Батальоны один за другим уходили в лагерь. Оркестр, стоя в стороне, исполнял походный марш. Снова послышались команды, зашагали роты, зазвучали первые нерешительные шутки, сдержанный смех. Но жизнь шла по-прежнему, и уход комиссара вскоре будет забыт. Придет новый на его место, и все в батальоне потечет, как прежде.
Щербак направился к Дейнеке. У продовольственного склада увидел Немца. Тот стоял в обычной своей позе, прислонившись к косяку.
— Что скажешь, Немец? Видишь, какое дело...
Что-то притягательное было в этом стареющем сержанте. Любил с ним беседовать Мельник, любил и Щербак.
— Нехорошо, товарищ комиссар. Ой, як нехорошо, что и говорить...

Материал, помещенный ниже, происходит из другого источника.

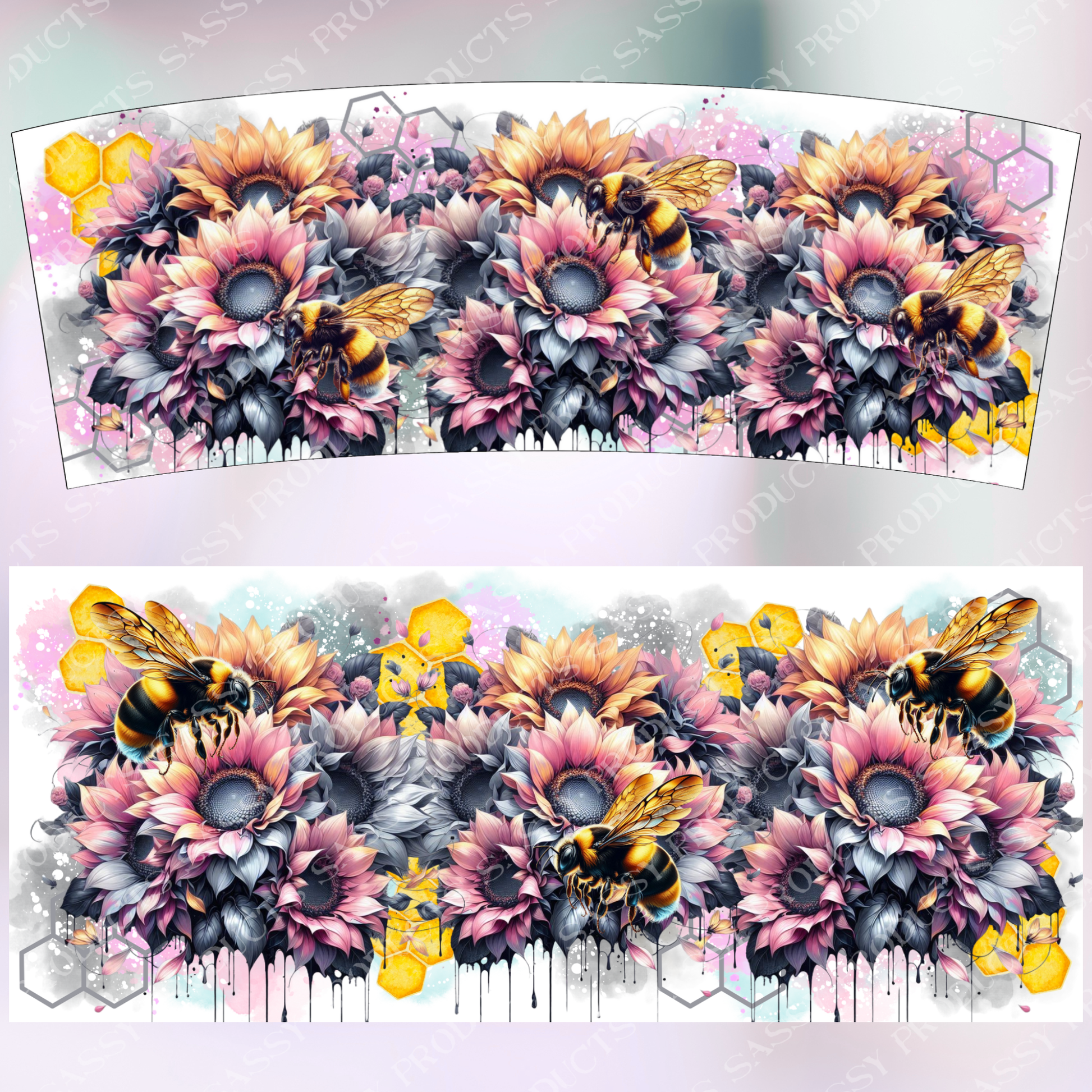 Bees - Sunflowers - Pinks and Yellow - 30oz tumbler Design 30oz - PNG (Digital Download)

Щербак подождал — что он еще скажет? Но Немец заговорил о другом:
— Знаете, товарищ комиссар, что скажу? У Филичкина на кухне нелады. Меню-раскладка нарушается. Я ведь не механические весы — выдал продукты, и все. Я за ними в столовую хожу. Заглядываю в котелки. Ежели ложка стоит в борще — лады. Ну и что сказать? На день каждому бойцу положено сто тридцать граммов крупяных и мучных изделий, семьсот — овощей, семьдесят пять — мяса, сто двадцать — рыбы, сорок граммов жиров и другие продукты. Как «Отче наш» знаю. С такого продукта солдат жаловаться не должон. А что получается? Крупинка за крупинкой гоняется. Ежели пшенная каша — глиняный раствор, ей-богу... Бойцы недовольны. Разговор промежду них идет политически неправильный.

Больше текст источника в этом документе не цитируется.